___ Provided records
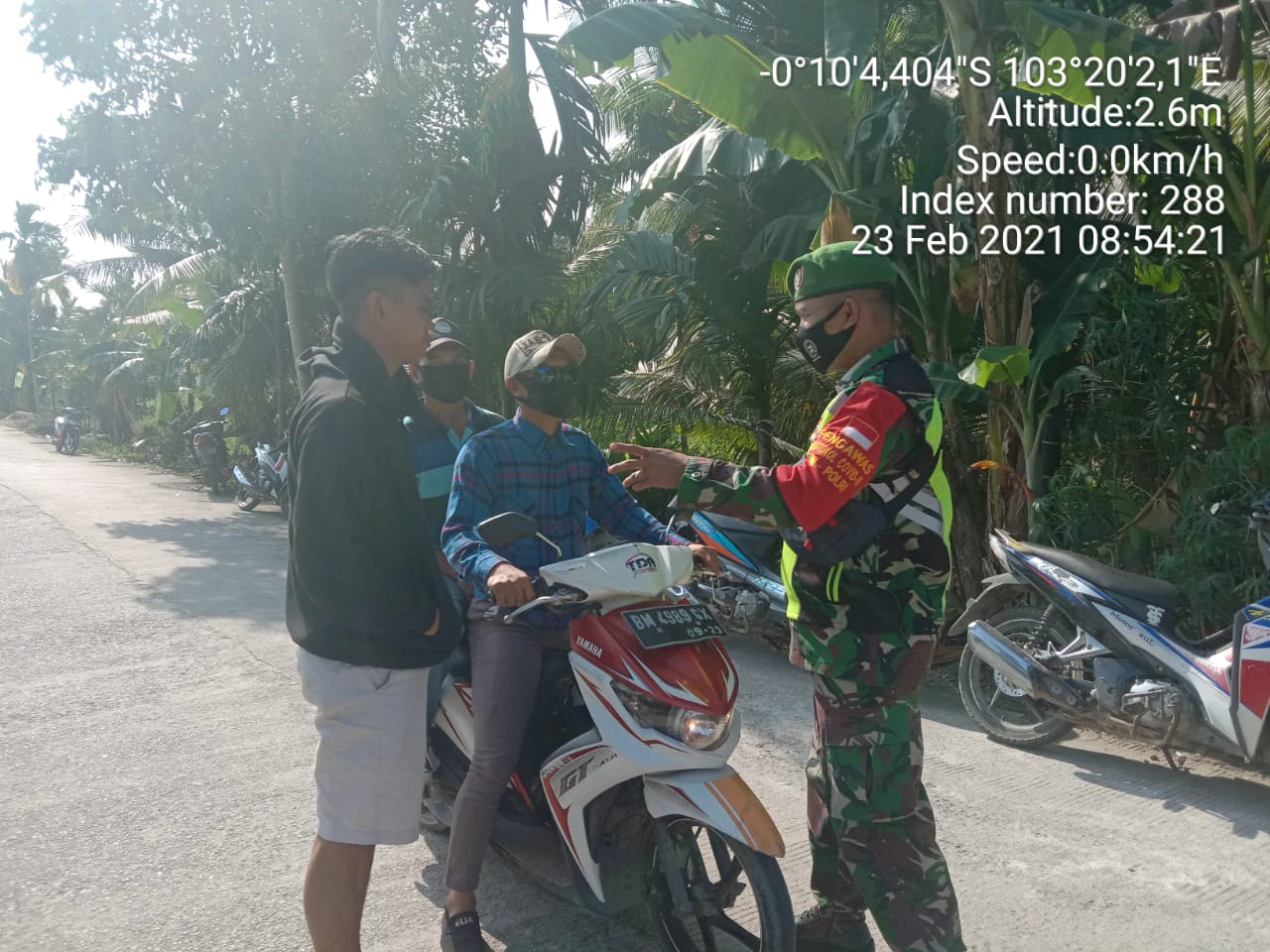 SERIBUPARITNEWS.COM, GAUNG ANAK SERKA -   Kopda Umar Nasution Babinsa Koramil 05/Gas Kodim 0314/Inhi telah melaksanakan Penegakan Disiplin Protokoler Kesehatan  Penanganan Covid 19 Terpadu  di Jalan Lintas Teluk pinang Kecamatan Gaung Anak Serka Selasa  (23/02/2021)
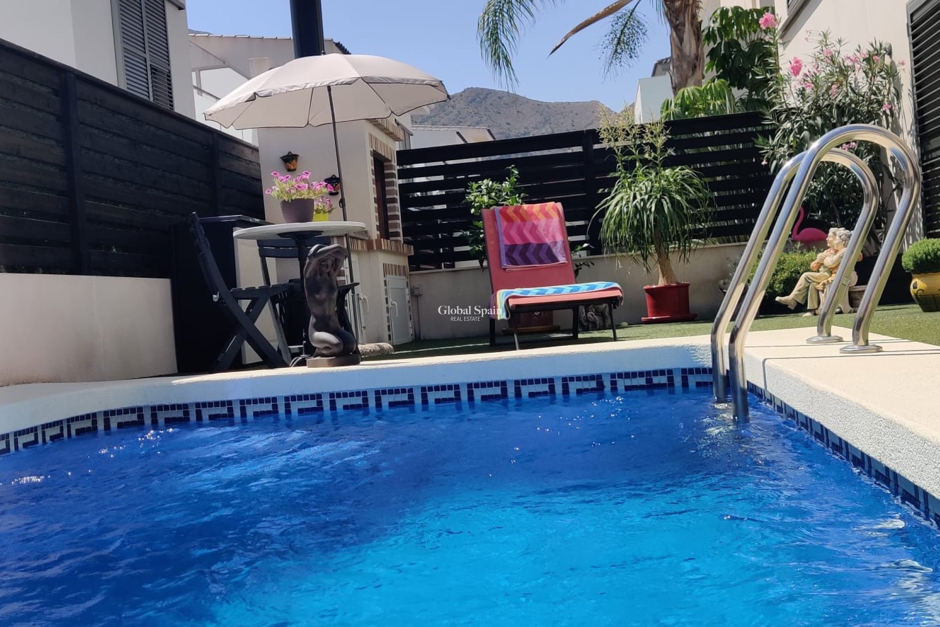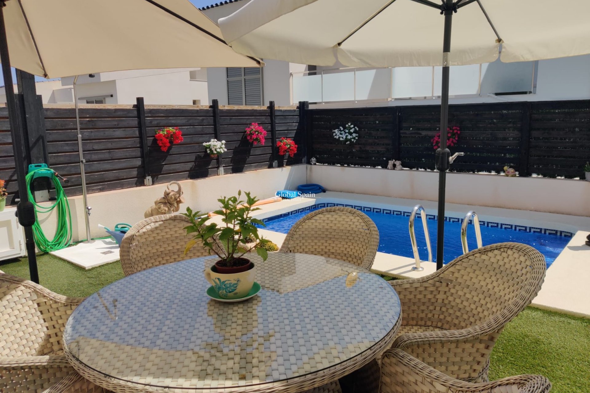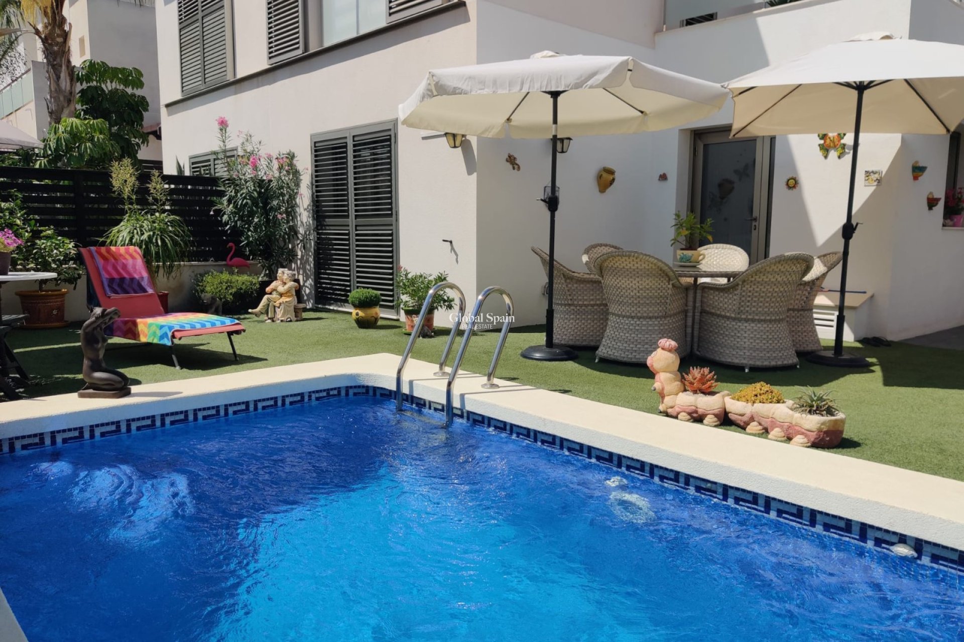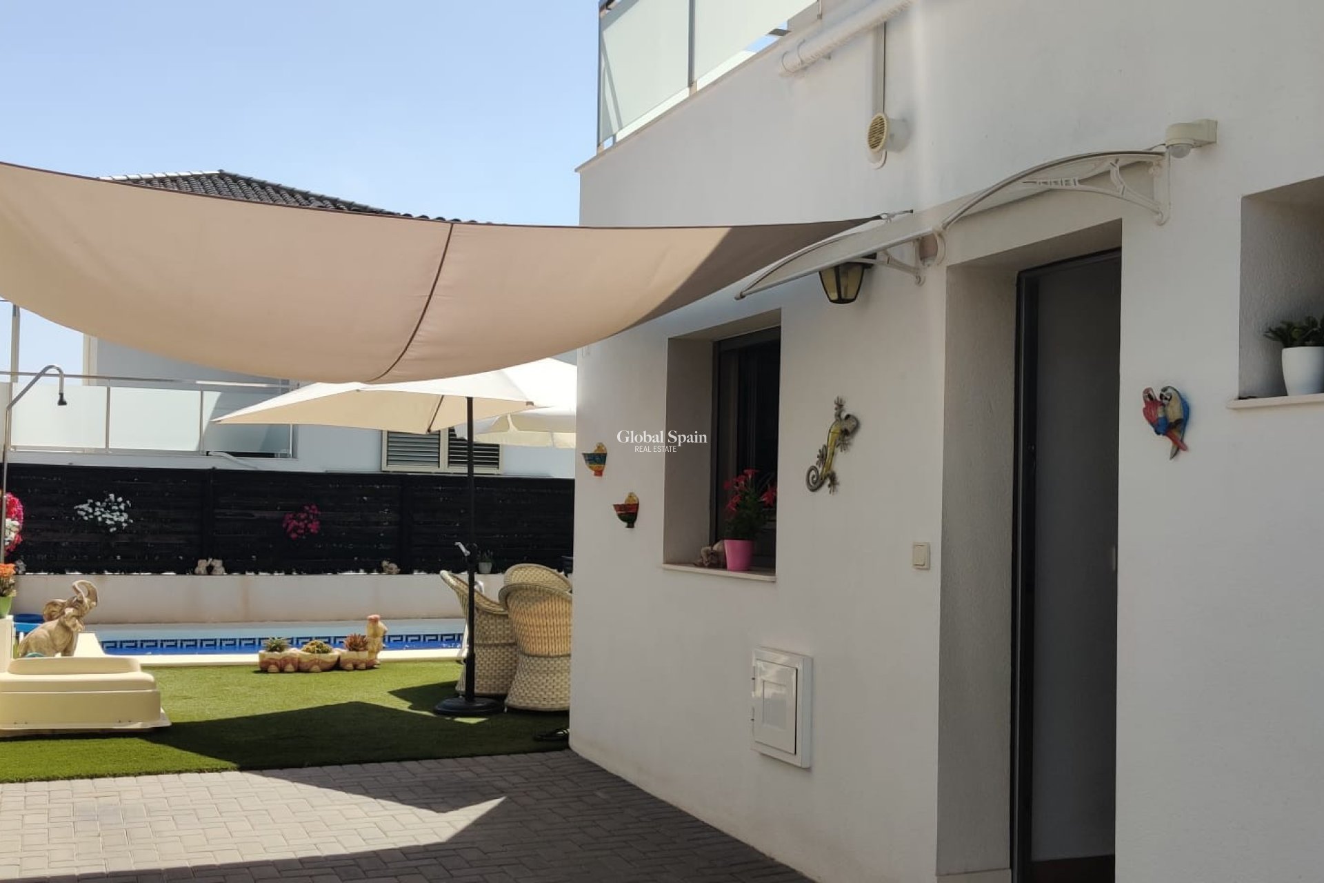 Extérieur : La villa a une élégante architecture de style espagnol, avec des murs traditionnels blanchis à la chaux. Le jardin bien entretenu entoure la propriété, orné d'une végétation luxuriante et de fleurs colorées. La piscine privée accueillante invite les jours chauds et offre une oasis rafraîchissante pour la détente et les loisirs.
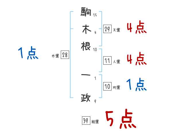 総運![]() | 駒木根一政さんの総運は39画の5つ星!社交性に優れ人望が厚い。人の上に立ち成功する。 あなたの人生を表す1番重要な運勢です。生涯を通じて影響する総合運となり、主に50歳以降の晩年期に影響を及ぼします。 |
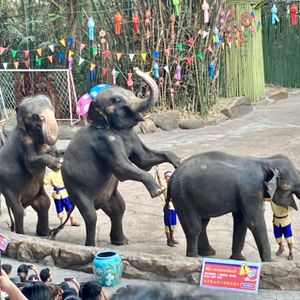 ショーがたくさん組まれ、全く飽きません。タイ語も英語のわからない子供達も楽しんでいました。全てを見ようとすると、凄く忙しいです。ガイドさんがいないと効率よく回れないと思います。ビュッフェは人が多いし種類もそう無いのでまあまあですが、涼しいので休憩にはいいかもです。キリンの餌あげでは頭や顔など触れるので、他ではなかなか体験できないと思います。おすすめです。
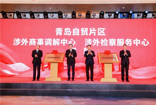 会上,青岛自贸片区“涉外商事调解中心”“涉外检察服务中心”揭牌。以护航外向型企业高质量发展为着力点,涉外商事调解中心将联合仲裁机构、外企联合会等机构提供涉外商事多元调解、巡回审判、法律指导等服务;涉外检察服务中心发挥刑事检察、民事检察、行政检察、公益诉讼检察“四大检察”融合职能,集中办理涉外检察案件,实现一体化服务保障等功能。两个中心的揭牌,将进一步提升“法润自贸”品牌,丰富法律会客厅“窗口化、综合性、一站式”的多维服务网络,打造公共法律服务新高地,助力企业提升国际竞争力。
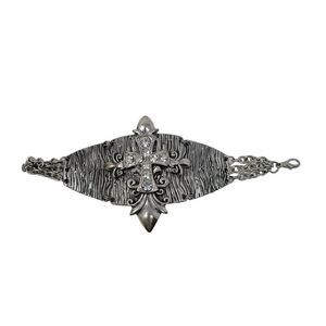 Silver Tone Wide Articulated Bracelet Rhinestone Coptic Maltese Cross Pirate
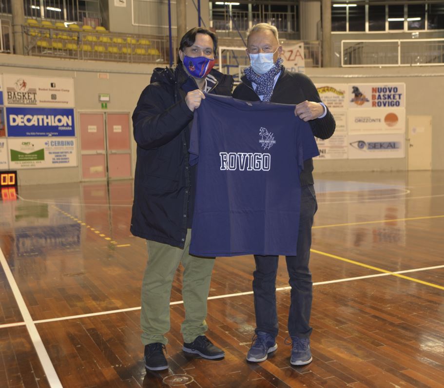 A metà gara c’è stato un momento molto emozionante. Il presidente Gionata Morello ha infatti consegnato la maglietta del Nuovo Basket Rovigo a Giorgio Osti, classe 1936, che è uno dei primi giocatori della pallacanestro rodigina e che sta aiutando il club delle Pantere a ricostruire la storia del basket maschile del capoluogo.
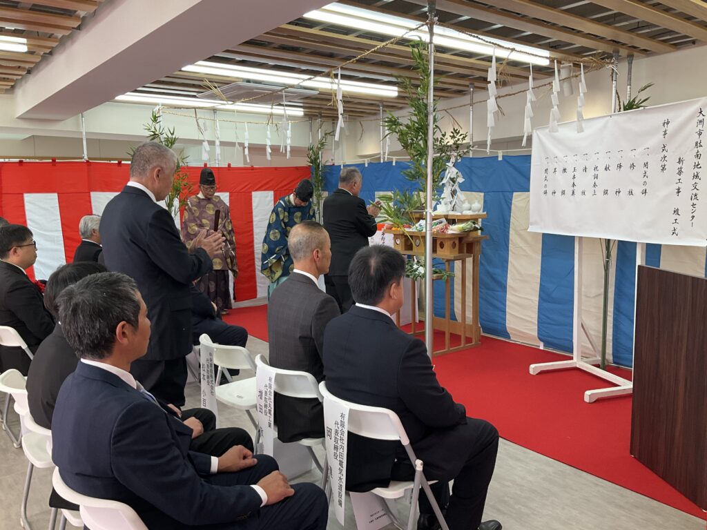 「大洲市肱南地域交流センター新築工事」の竣工式 神事が執り行われました
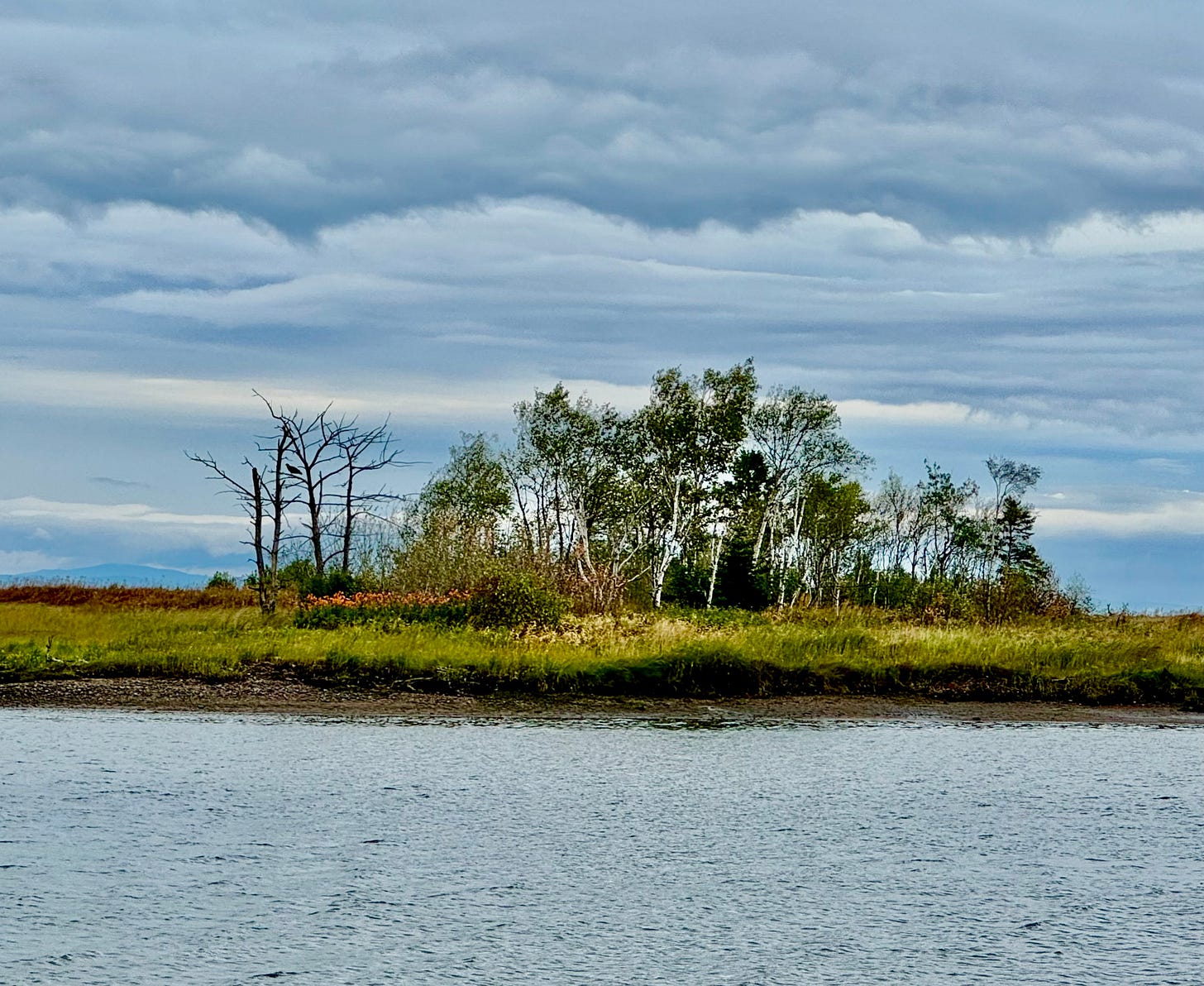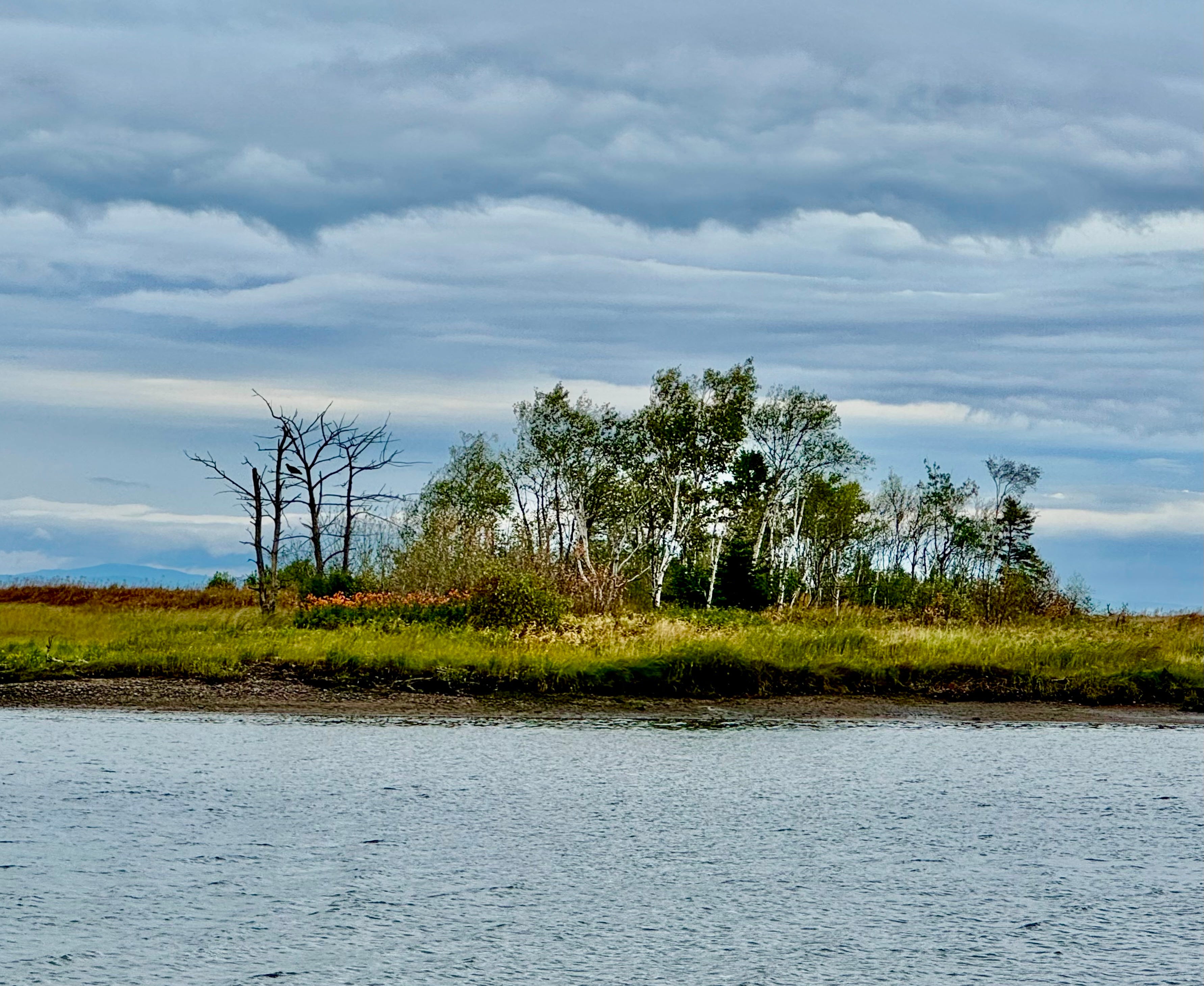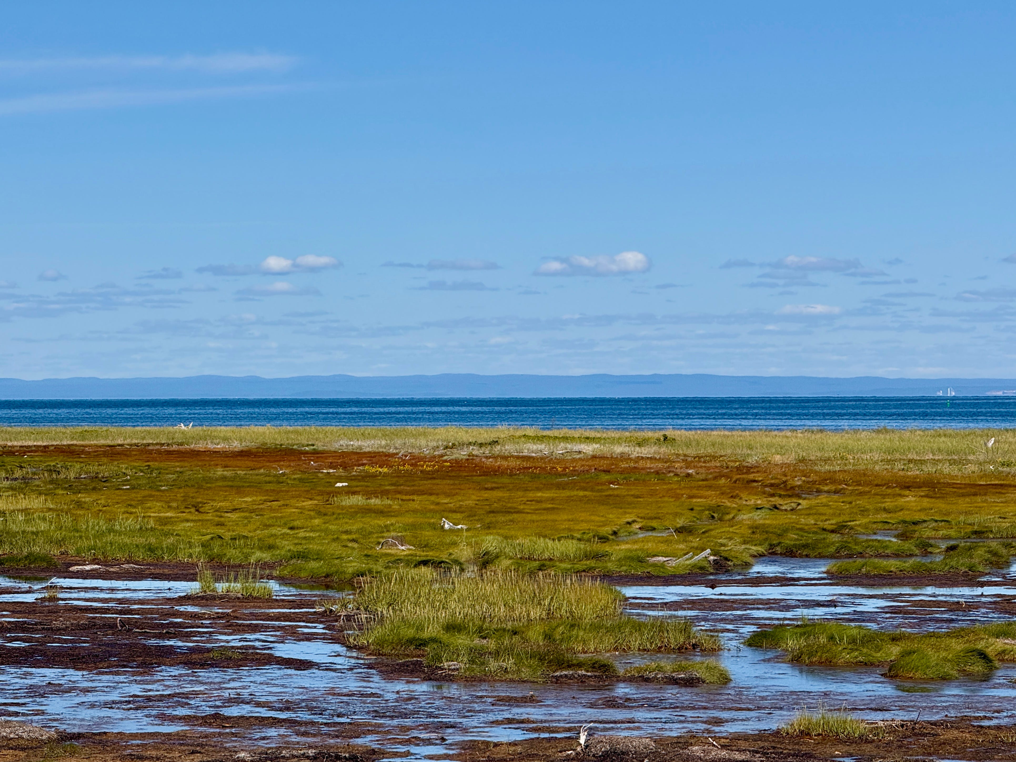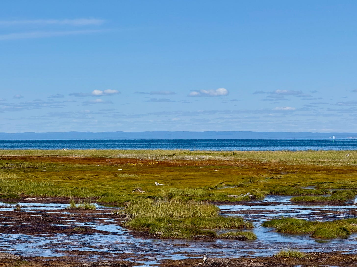 On the southern shore of the Gaspé Peninsula, where the Matapédia River flows into the Restigouche, we found this stunning view. The Restigouche River carves out much of the border between Quebec and New Brunswick. Despite our GPS reading a scorching 107°F in the sun, the sheer beauty of the two rivers captured our attention.
______
• _Task instructions_: Reproduce all of the data exactly, omitting each picture it holds.

• _Reply_:
 SERIBUPARITNEWS.COM, GAUNG ANAK SERKA -   Kopda Umar Nasution Babinsa Koramil 05/Gas Kodim 0314/Inhi telah melaksanakan Penegakan Disiplin Protokoler Kesehatan  Penanganan Covid 19 Terpadu  di Jalan Lintas Teluk pinang Kecamatan Gaung Anak Serka Selasa  (23/02/2021)
 Extérieur : La villa a une élégante architecture de style espagnol, avec des murs traditionnels blanchis à la chaux. Le jardin bien entretenu entoure la propriété, orné d'une végétation luxuriante et de fleurs colorées. La piscine privée accueillante invite les jours chauds et offre une oasis rafraîchissante pour la détente et les loisirs.
 総運![]() | 駒木根一政さんの総運は39画の5つ星!社交性に優れ人望が厚い。人の上に立ち成功する。 あなたの人生を表す1番重要な運勢です。生涯を通じて影響する総合運となり、主に50歳以降の晩年期に影響を及ぼします。 |
 ショーがたくさん組まれ、全く飽きません。タイ語も英語のわからない子供達も楽しんでいました。全てを見ようとすると、凄く忙しいです。ガイドさんがいないと効率よく回れないと思います。ビュッフェは人が多いし種類もそう無いのでまあまあですが、涼しいので休憩にはいいかもです。キリンの餌あげでは頭や顔など触れるので、他ではなかなか体験できないと思います。おすすめです。
 会上,青岛自贸片区“涉外商事调解中心”“涉外检察服务中心”揭牌。以护航外向型企业高质量发展为着力点,涉外商事调解中心将联合仲裁机构、外企联合会等机构提供涉外商事多元调解、巡回审判、法律指导等服务;涉外检察服务中心发挥刑事检察、民事检察、行政检察、公益诉讼检察“四大检察”融合职能,集中办理涉外检察案件,实现一体化服务保障等功能。两个中心的揭牌,将进一步提升“法润自贸”品牌,丰富法律会客厅“窗口化、综合性、一站式”的多维服务网络,打造公共法律服务新高地,助力企业提升国际竞争力。
 Silver Tone Wide Articulated Bracelet Rhinestone Coptic Maltese Cross Pirate
 A metà gara c’è stato un momento molto emozionante. Il presidente Gionata Morello ha infatti consegnato la maglietta del Nuovo Basket Rovigo a Giorgio Osti, classe 1936, che è uno dei primi giocatori della pallacanestro rodigina e che sta aiutando il club delle Pantere a ricostruire la storia del basket maschile del capoluogo.
 「大洲市肱南地域交流センター新築工事」の竣工式 神事が執り行われました
 On the southern shore of the Gaspé Peninsula, where the Matapédia River flows into the Restigouche, we found this stunning view. The Restigouche River carves out much of the border between Quebec and New Brunswick. Despite our GPS reading a scorching 107°F in the sun, the sheer beauty of the two rivers captured our attention.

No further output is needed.